Records drawn from a dataset

□ □ □ □

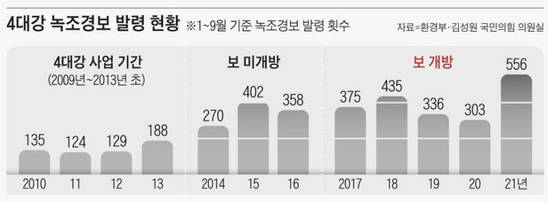 12일 김성원 국민의힘 의원실이 환경부에서 제출받은 ‘연도별 조류(녹조)경보제 발령 현황’에 따르면, 올 1~9월 낙동강 10여개 측정 지점에서 발령된 경보는 총 491회로 작년 같은 기간(247회)의 거의 2배로 늘었다. 지난 2013년 4대강 사업 완료 이후 보를 정상 운영하던 시기(2013~2016년 1~9월 연평균 225회)와 비교해도 2.2배로 증가했다. 녹조 경보는 물 1mL당 남조류 세포 수가 1000개를 넘으면 ‘관심’, 1만개 이상이면 ‘경계’ 등의 단계로 발령된다. 특히 올해는 2015년과 2018년 등 녹조가 기승을 부리던 시기에 비해 일부 강도는 덜하지만 녹조 체류 시간은 크게 증가한 모습을 보이고 있다.
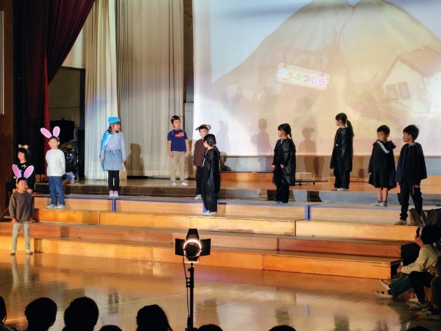 【2年生】後半の演劇の部が始まりました。2・4・6年生の順に演じていきます。2年生は入学してから初めての劇づくりにチャレンジしました。
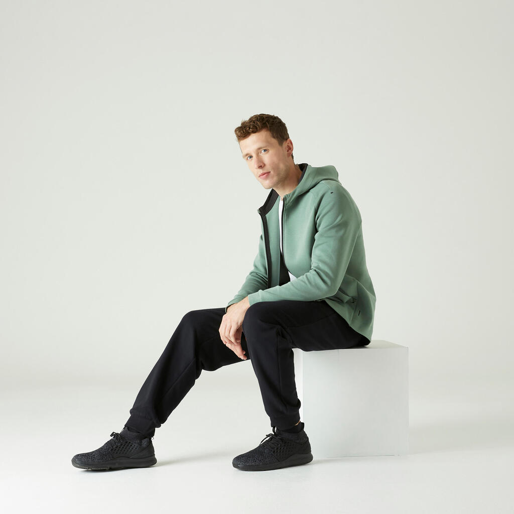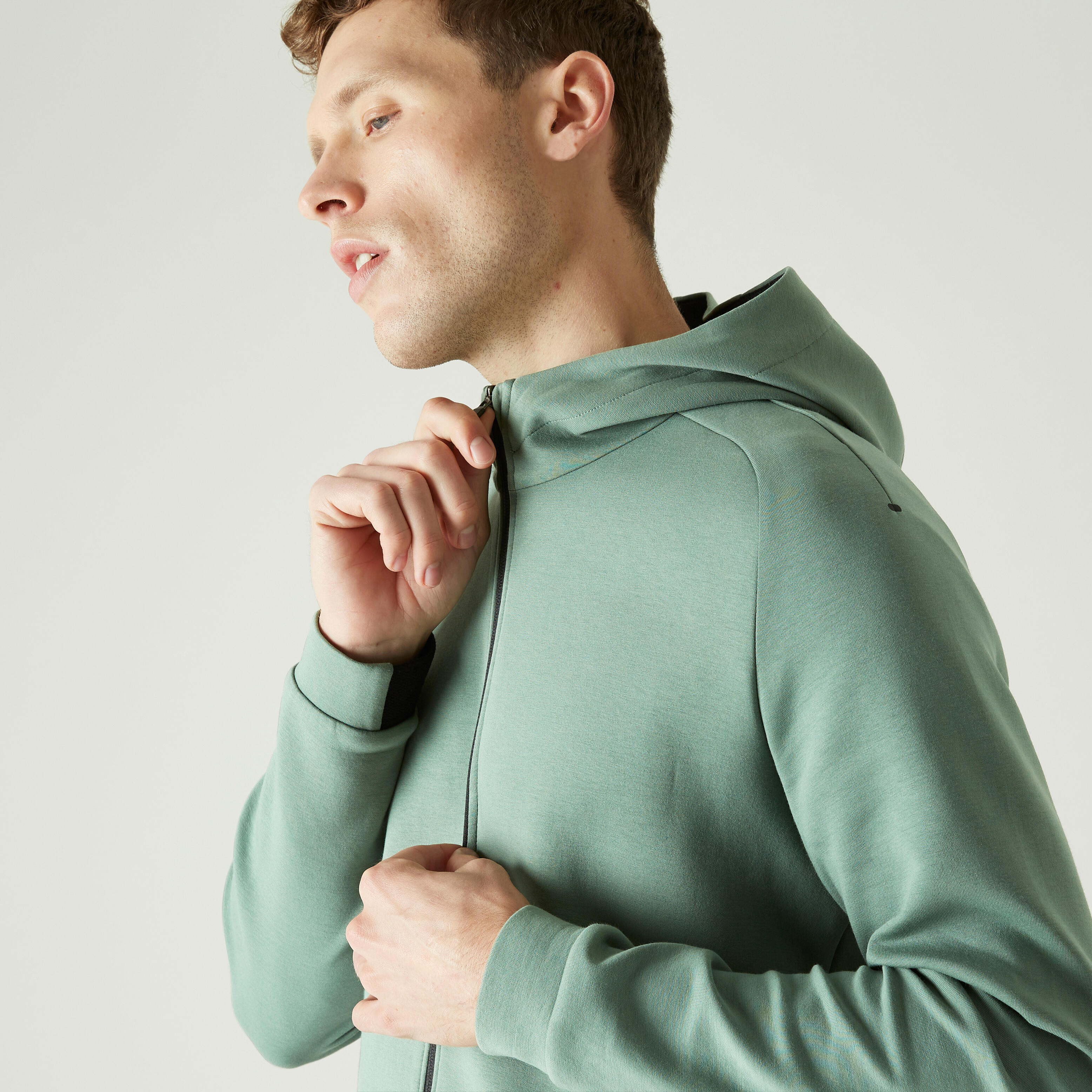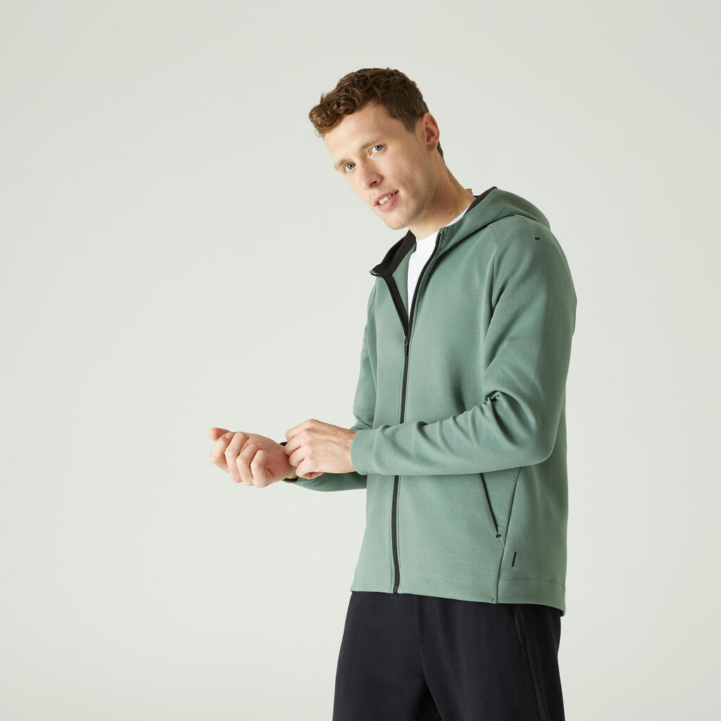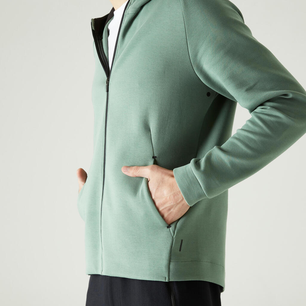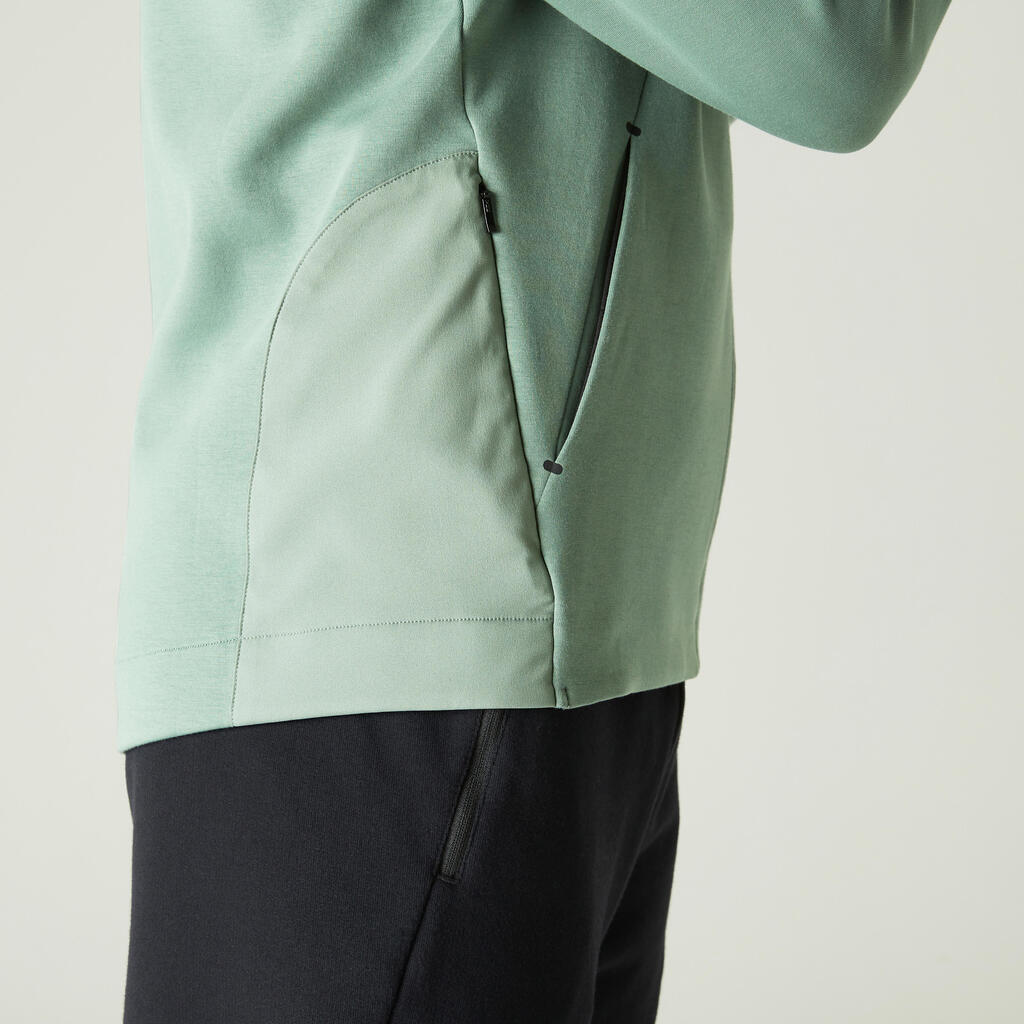 Zippered Fitness Hoodie with Zippered Pockets - Green
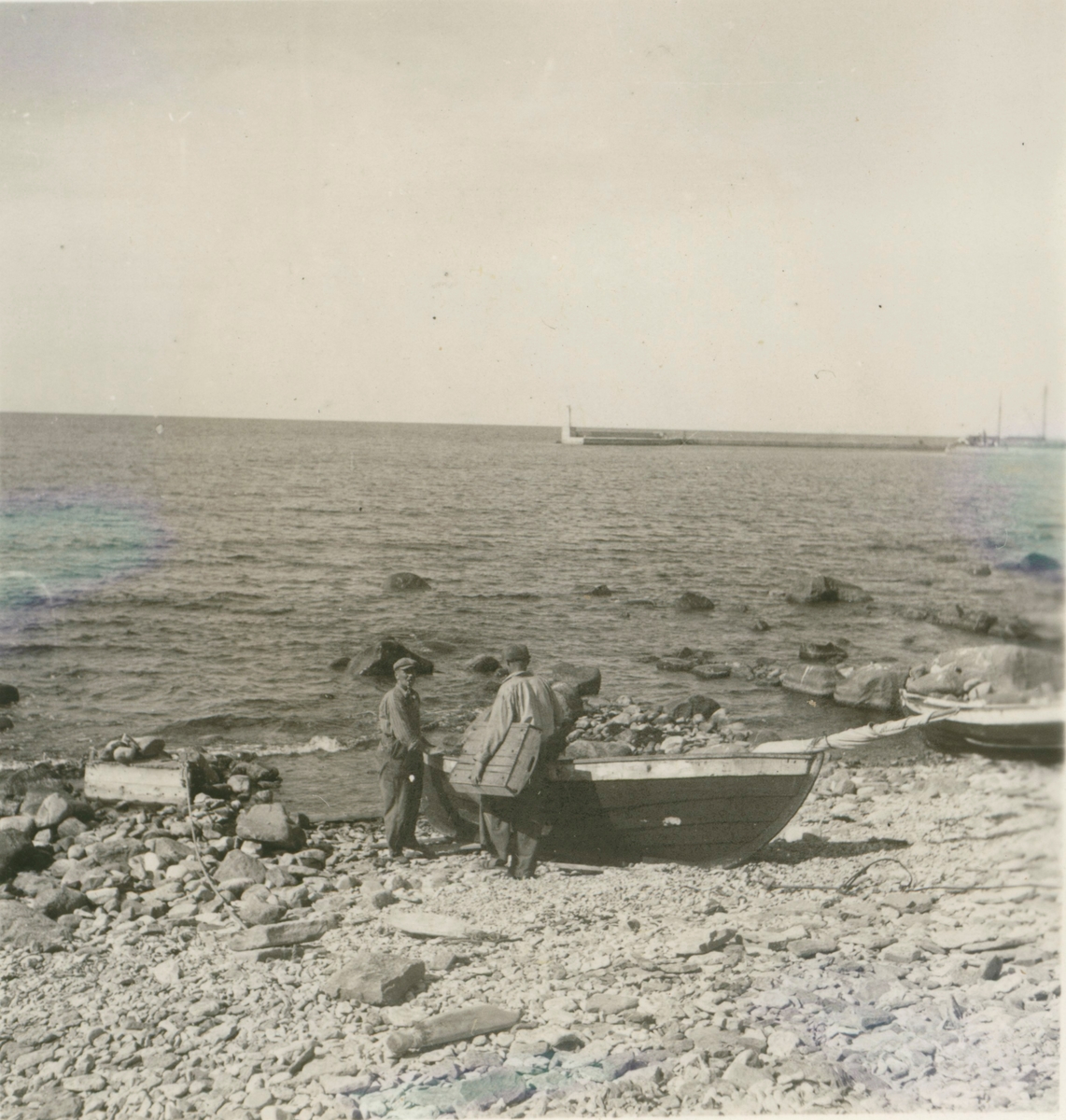 Kåsar vid stranden. Fiskebåt drages ut. I fören ligger råseglet hoprullat.
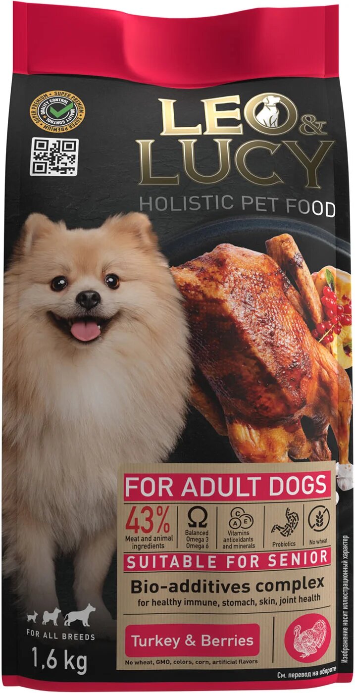 LEO&LUCY сухой холистик корм полнорационный для взрослых собак всех пород с индейкой, ягодами и биодобавками, подходит пожилым, 1,6 кг
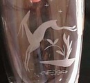 Lead crystal gazelle leaping vase, Orrefors ? Appears to be a high quality lead glass with a cut & acid etched design. Gazelle appears to be leaping under the stars & into the water. You can even see the ribs on the graceful gazelle. This piece is not signed, but looks like Orrefors sweedish glass. Ground & polished bottom & ground top. Mint condition, 4 3/4 x 3 1/2"
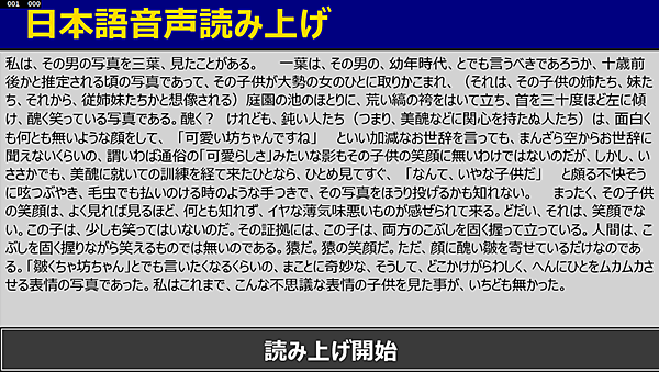 リスト3を実行すると図4のように表示されます。[読み上げ開始]ボタンをクリックすると、女性の声で文章が読み上げられます。読み上げ精度はおよそ90%といったところで、中には間違った読み方をする漢字もあります。
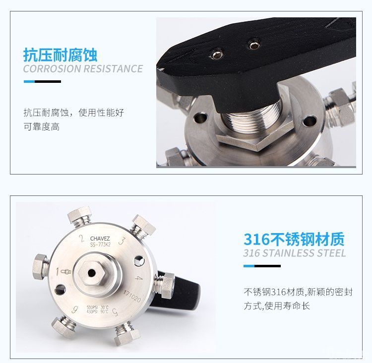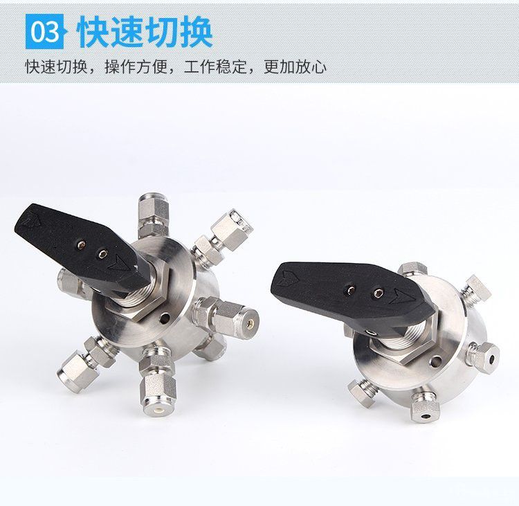 6.极其方便的流路设计方案,可以选择从一个入口有选择的转到六个出口,或者从六个入口到一个共同出口。
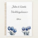 A wedding planner with a beautiful cover featuring two delicate tulips in Delft blue colours, symbolizes love and new beginnings. The names of the bride and groom, elegantly scripted in flowing calligraphy, take centre stage, creating a personal and romantic touch
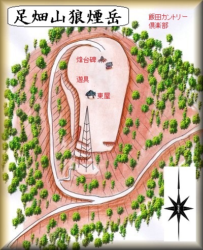 飯田カントリークラブの敷地に囲まれている比高50mほどの足畑山が、足畑山狼煙岳である。ゴルフ場の敷地内になっているので、無断立ち入りはできないのではないかと思っていたのだが、幸いにも狼煙台は公園となっていて、そこまで車でアクセスできるようになっていた。ただし、案内表示はない。
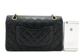 An entic CHANEL 2.55 Classic Double Flap Medium Chain Shoulder Bag Black made of black Lambskin.
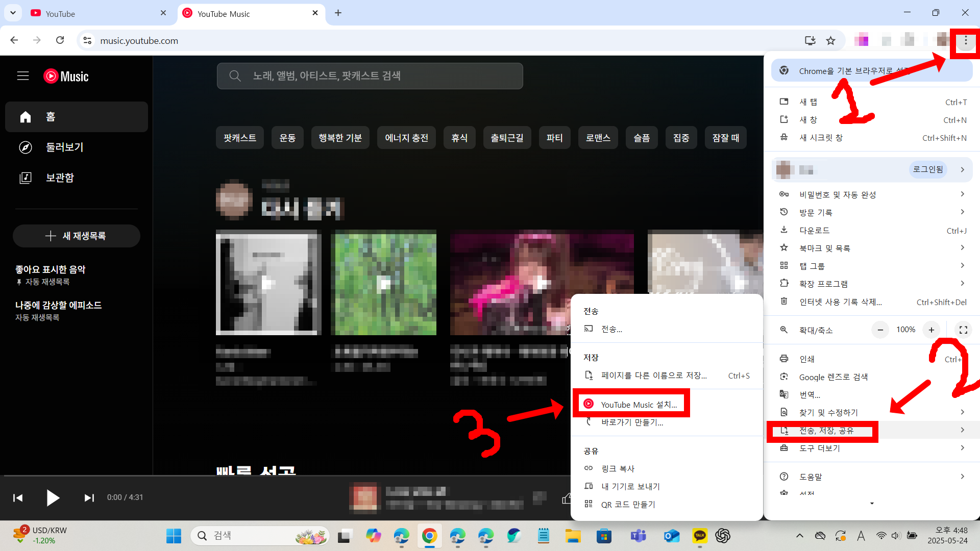 - ‘설치(Install YouTube Music)’ 메뉴 선택

□ □ □ □

◆ ABOUT THIS TASK ◆
Nothing but the lines above, starting at the line that contains "Kåsar vid stranden." and ending at the line that contains "LEO&LUCY сухой холистик", should be given again, exactly and without the pictures.

◆ EXERCISE SOLUTION ◆
 Kåsar vid stranden. Fiskebåt drages ut. I fören ligger råseglet hoprullat.
 LEO&LUCY сухой холистик корм полнорационный для взрослых собак всех пород с индейкой, ягодами и биодобавками, подходит пожилым, 1,6 кг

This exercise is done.